Correlation filter

Good evening,

I want to filter out highly correlated variables before using them in a random forest model. After the Reader and Normalizer nodes, I am using the Correlation filter to exclude variables with a correlation> |0.80| to then connect the output to the Partitioner node. However, the Correlation filter states “The dialog cannot be opened for the following reasons: no input available” (attached).

Can it be a problem with the version? I am using KNIME 4.1.3 in a Windows 10 PC.

Thank you,
Marc

Hi @MarcB -

You also need a Linear Correlation node to feed into the Correlation Filter. See the following workflow for an example:

https://kni.me/w/IrShWACT3g-uBOak

3 Likes

Thank you, Scott. However, a new message states that “some columns in the model are not contained in the input table or incomptatible: SPON2”. For the Linear correlation node I selected just quantitative variables (“D”), excluding strings and integers (one variable of each type).

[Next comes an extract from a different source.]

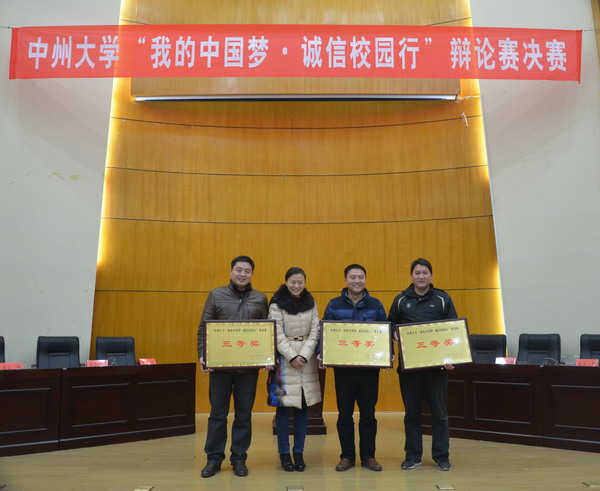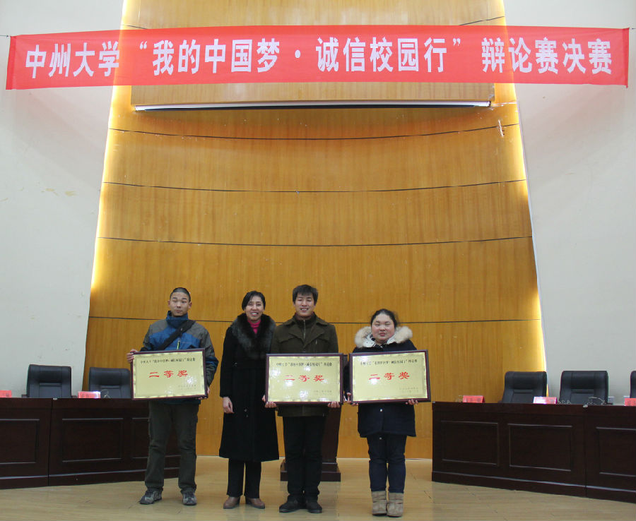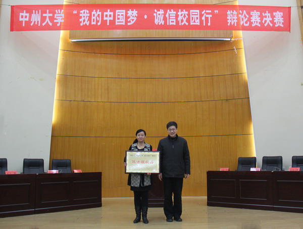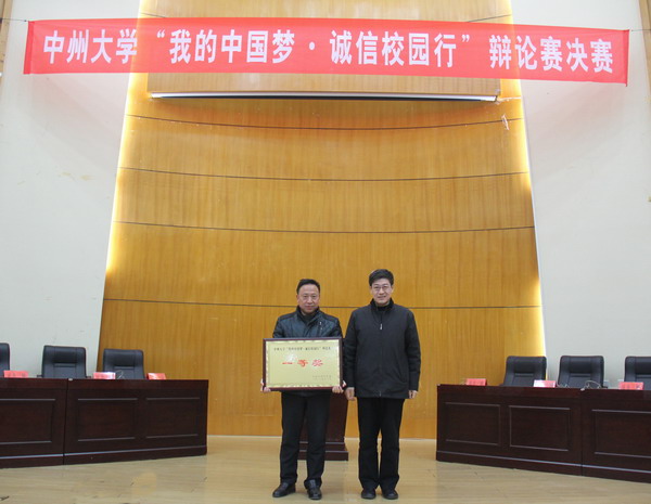 2013年12月23日,由中州大学学生处主办,共青团中州大学委员会协办,文化与传播学院承办的中州大学“我的中国梦 诚信校园行"主题辩论赛决赛在学术报告厅隆重举行。中州大学党委副书记苏炜出席比赛,中州大学党委宣传部部长张晓梅、图书馆馆长郑彦离、机关党总支书记张阳、学生处处长孔颖、团委书记孙江虹担任此次比赛评委。文化与传播学院党总支书记刘滨滨、院长张帅旗,学生处副处长张迎松,文化与传播学院副院长于书伟及各学院师生代表参加辩论赛。

That’s because you have no input data going into the correlation filter node.

As stated in the node description, that node requires 2 inputs:
image

The example workflow that @ScottF posted illustrates this.

Here’s a simpler arrangement, just to get the point across.
image

2 Likes

Ok, thank you!
Best regards,
Marc

This topic was automatically closed 182 days after the last reply. New replies are no longer allowed.